## PROBLEM REQUIREMENTS
Return all of the data verbatim, dropping any picture.

>>>>

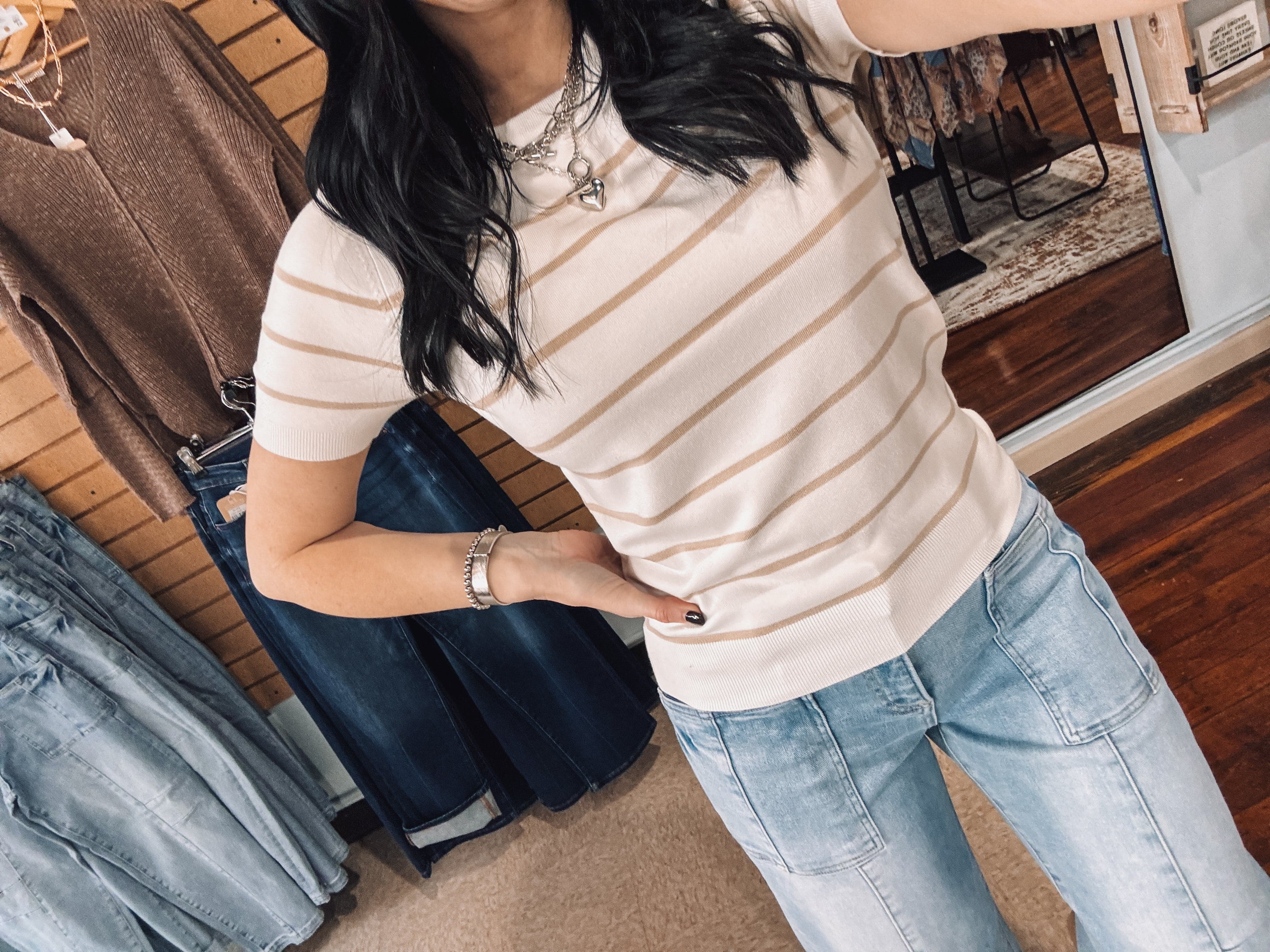 Embrace effortless style with the Dena Top! Crafted from super soft sweater material, this versatile piece captures the essence of spring. Dress it up for a night out or keep it casual for cozy days—it's the perfect blend of comfort and fashion. Elevate your wardrobe today! Erin is in the small!
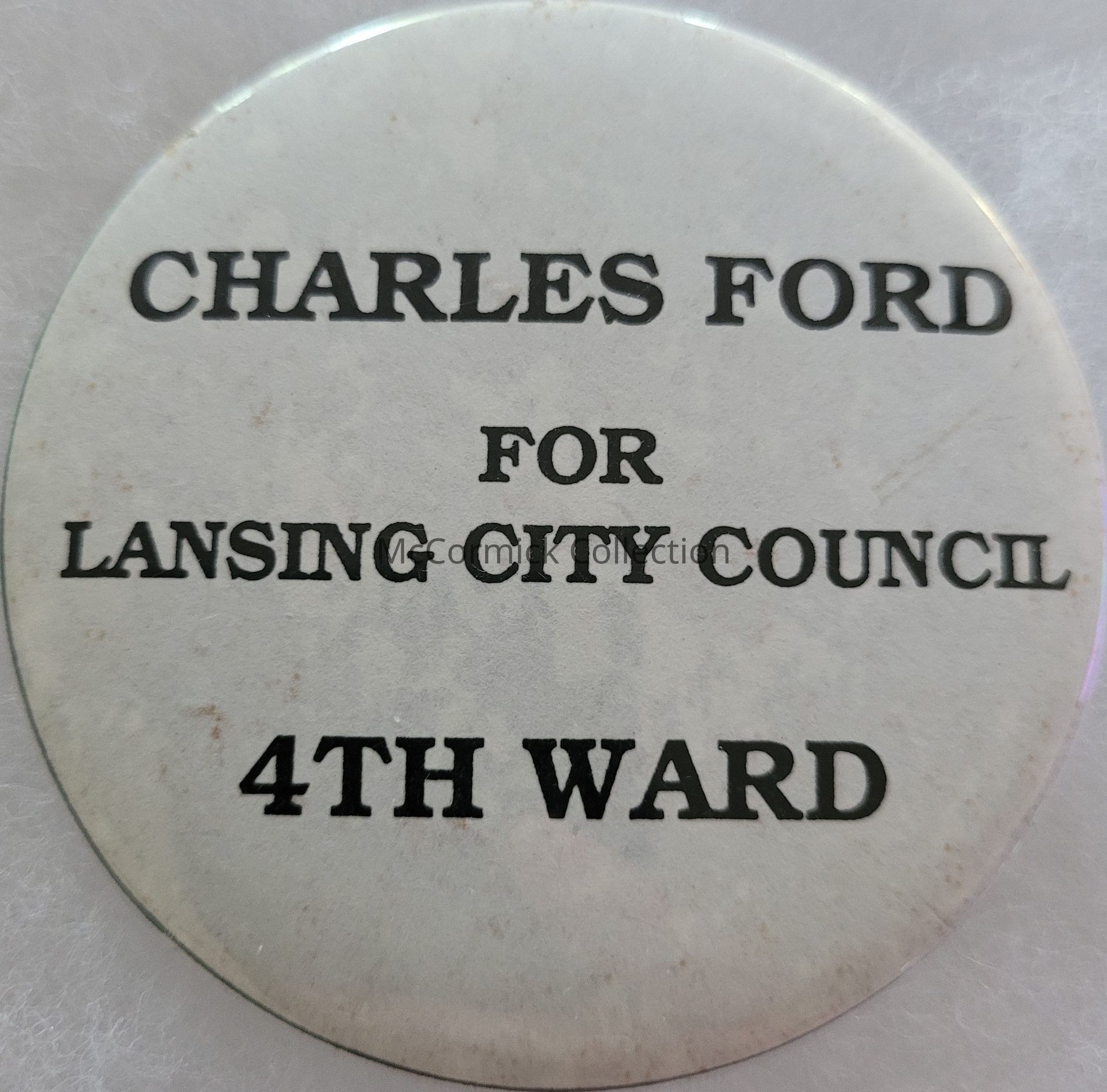 A black and white political button for Charles Ford for Lansing City Council 4th Ward. Kingdon Collection.
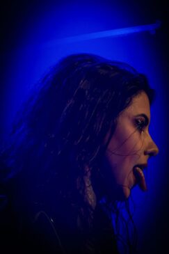 Nos vocais, Nienna Ni é uma entidade. Seu timbre, presença magnética e expressividade ritualística hipnotizaram o público — ela não apenas canta, ela incorpora o caos. Ao seu lado, o guitarrista e também vocalista Andre Damien sustenta a parede sonora com riffs cortantes e vocais complementares, criando uma dinâmica intensa e violenta.
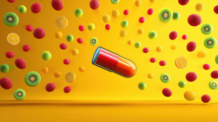 Colorful fruits spin playfully around a red and yellow capsule, creating a lively representation of vitality against a bright yellow background.
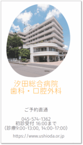 電話:045(574)1362(汐田総合病院 歯科・口腔外科直通)にご連絡ください。(休診日を除く)
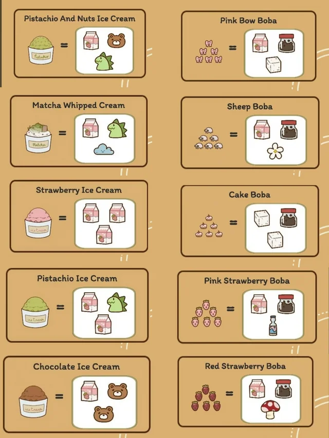 - Recipes include various types of boba, syrups, toppings, and add-ins for customising drinks in the game.
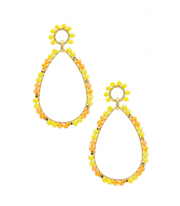 Voeg een stralende touch toe aan je look met deze prachtige goudkleurige oorhangers met gele en oranje kraaltjes. Deze oorhangers zijn voorzien van levendige gele en oranje kraaltjes, waardoor ze een opvallend en modieus accessoire zijn. Met deze oorhangers geef je je stijl een zonnige en vrolijke uitstraling.
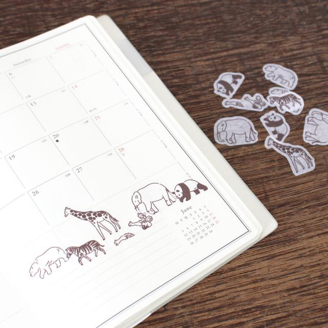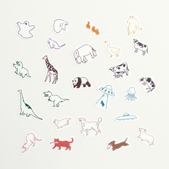 どこかへ向かう動物たちのフレークシール。

<<<<

## COMPLETED TASK
 Embrace effortless style with the Dena Top! Crafted from super soft sweater material, this versatile piece captures the essence of spring. Dress it up for a night out or keep it casual for cozy days—it's the perfect blend of comfort and fashion. Elevate your wardrobe today! Erin is in the small!
 A black and white political button for Charles Ford for Lansing City Council 4th Ward. Kingdon Collection.
 Nos vocais, Nienna Ni é uma entidade. Seu timbre, presença magnética e expressividade ritualística hipnotizaram o público — ela não apenas canta, ela incorpora o caos. Ao seu lado, o guitarrista e também vocalista Andre Damien sustenta a parede sonora com riffs cortantes e vocais complementares, criando uma dinâmica intensa e violenta.
 Colorful fruits spin playfully around a red and yellow capsule, creating a lively representation of vitality against a bright yellow background.
 電話:045(574)1362(汐田総合病院 歯科・口腔外科直通)にご連絡ください。(休診日を除く)
 - Recipes include various types of boba, syrups, toppings, and add-ins for customising drinks in the game.
 Voeg een stralende touch toe aan je look met deze prachtige goudkleurige oorhangers met gele en oranje kraaltjes. Deze oorhangers zijn voorzien van levendige gele en oranje kraaltjes, waardoor ze een opvallend en modieus accessoire zijn. Met deze oorhangers geef je je stijl een zonnige en vrolijke uitstraling.
 どこかへ向かう動物たちのフレークシール。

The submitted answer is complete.